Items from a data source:
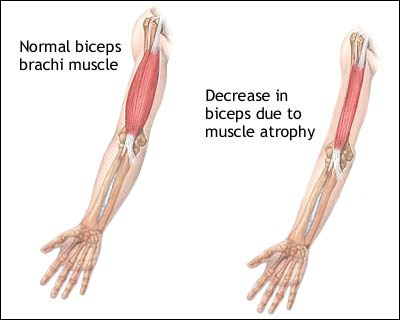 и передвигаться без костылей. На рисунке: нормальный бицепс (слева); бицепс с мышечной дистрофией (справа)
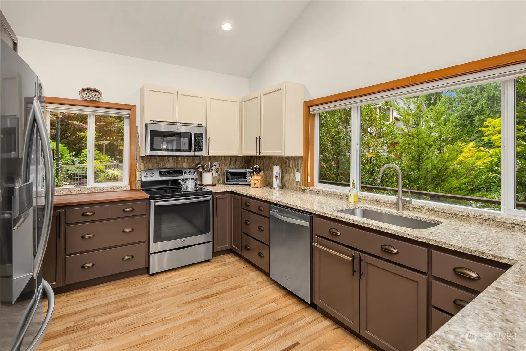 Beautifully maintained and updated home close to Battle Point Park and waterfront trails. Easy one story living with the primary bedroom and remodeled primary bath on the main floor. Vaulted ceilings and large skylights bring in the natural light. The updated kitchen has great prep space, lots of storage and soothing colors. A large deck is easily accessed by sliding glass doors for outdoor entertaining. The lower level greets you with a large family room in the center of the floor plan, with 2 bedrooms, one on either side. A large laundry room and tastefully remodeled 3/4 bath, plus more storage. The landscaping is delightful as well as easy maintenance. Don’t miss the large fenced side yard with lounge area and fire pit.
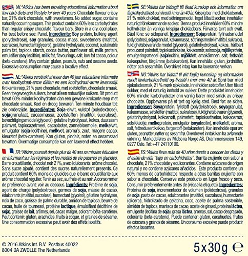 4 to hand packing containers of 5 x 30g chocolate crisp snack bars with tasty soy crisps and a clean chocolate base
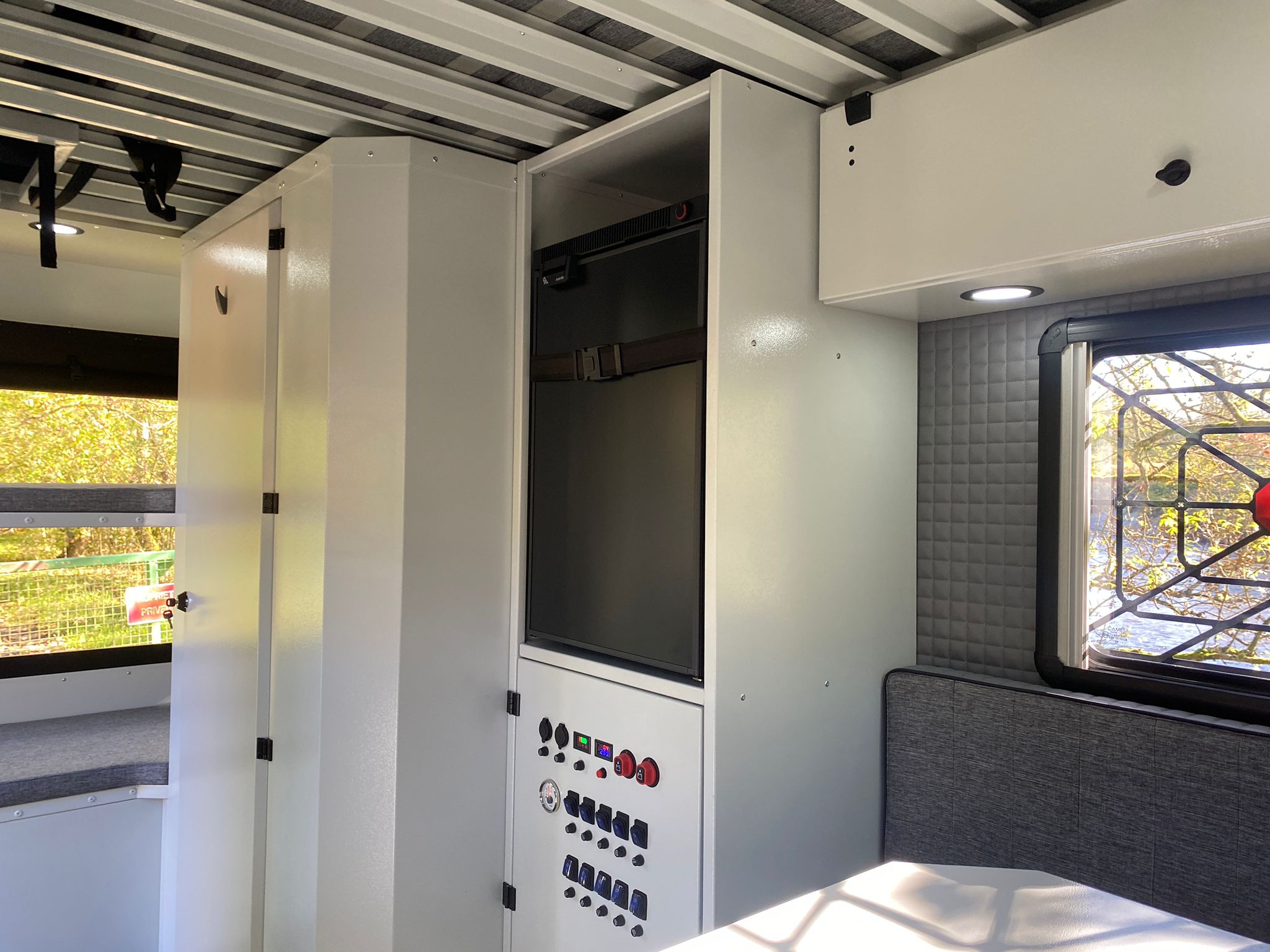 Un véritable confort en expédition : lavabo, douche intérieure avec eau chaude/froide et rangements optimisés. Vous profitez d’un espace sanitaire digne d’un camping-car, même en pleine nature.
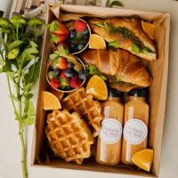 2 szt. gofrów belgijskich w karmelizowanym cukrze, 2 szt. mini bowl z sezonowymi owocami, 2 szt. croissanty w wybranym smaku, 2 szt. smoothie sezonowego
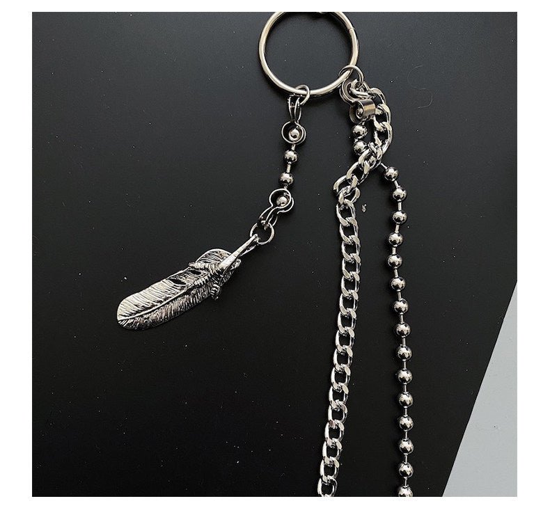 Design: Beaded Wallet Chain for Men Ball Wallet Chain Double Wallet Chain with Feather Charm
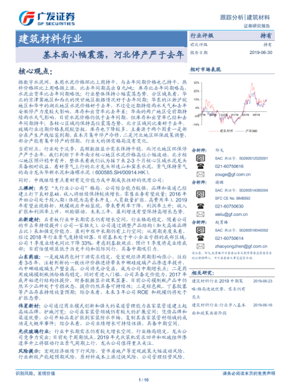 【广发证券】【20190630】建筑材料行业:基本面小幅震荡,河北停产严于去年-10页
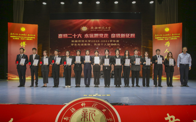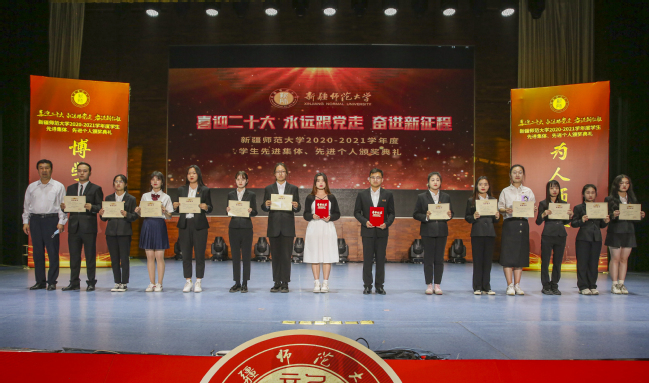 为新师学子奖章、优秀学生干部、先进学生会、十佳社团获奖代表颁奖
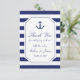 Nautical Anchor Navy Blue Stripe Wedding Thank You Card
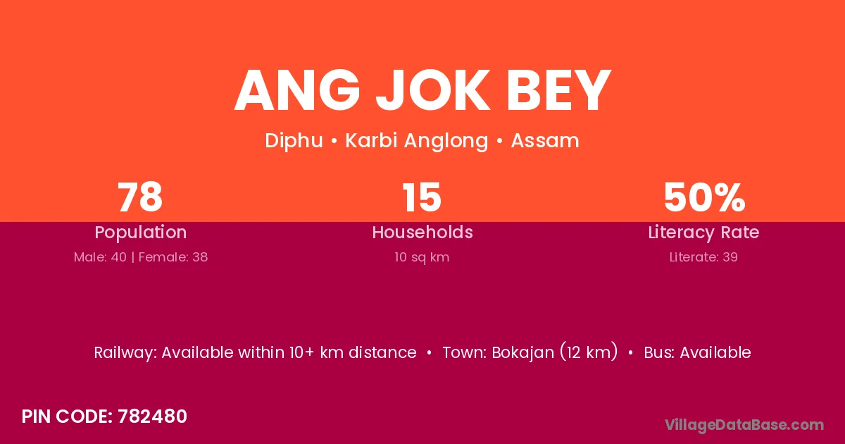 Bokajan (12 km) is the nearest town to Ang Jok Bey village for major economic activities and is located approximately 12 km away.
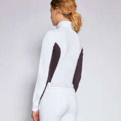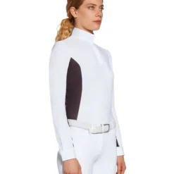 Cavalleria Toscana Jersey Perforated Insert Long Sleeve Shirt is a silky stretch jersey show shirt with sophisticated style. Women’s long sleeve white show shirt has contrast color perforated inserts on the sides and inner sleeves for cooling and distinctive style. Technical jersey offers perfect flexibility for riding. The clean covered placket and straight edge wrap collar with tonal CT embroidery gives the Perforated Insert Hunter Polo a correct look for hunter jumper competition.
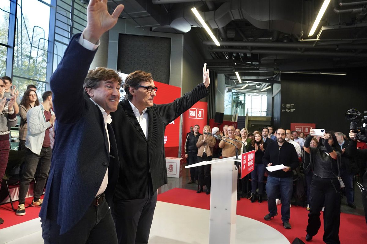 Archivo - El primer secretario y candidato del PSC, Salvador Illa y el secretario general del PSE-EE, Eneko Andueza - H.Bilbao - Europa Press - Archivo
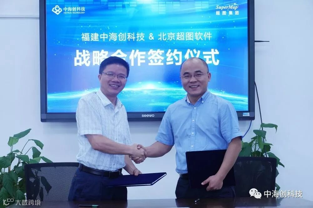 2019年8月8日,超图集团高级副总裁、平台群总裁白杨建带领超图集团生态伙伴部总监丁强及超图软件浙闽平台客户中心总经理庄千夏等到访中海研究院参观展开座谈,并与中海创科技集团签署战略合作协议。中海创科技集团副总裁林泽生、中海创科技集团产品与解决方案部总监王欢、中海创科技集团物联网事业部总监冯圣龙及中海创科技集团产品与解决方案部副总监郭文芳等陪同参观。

Exercise brief :: Output only the lines above from the line that holds "4 to hand packing" through the line that holds "Un véritable confort", both ends included, and exclude pictures.

Output for this task ::
 4 to hand packing containers of 5 x 30g chocolate crisp snack bars with tasty soy crisps and a clean chocolate base
 Un véritable confort en expédition : lavabo, douche intérieure avec eau chaude/froide et rangements optimisés. Vous profitez d’un espace sanitaire digne d’un camping-car, même en pleine nature.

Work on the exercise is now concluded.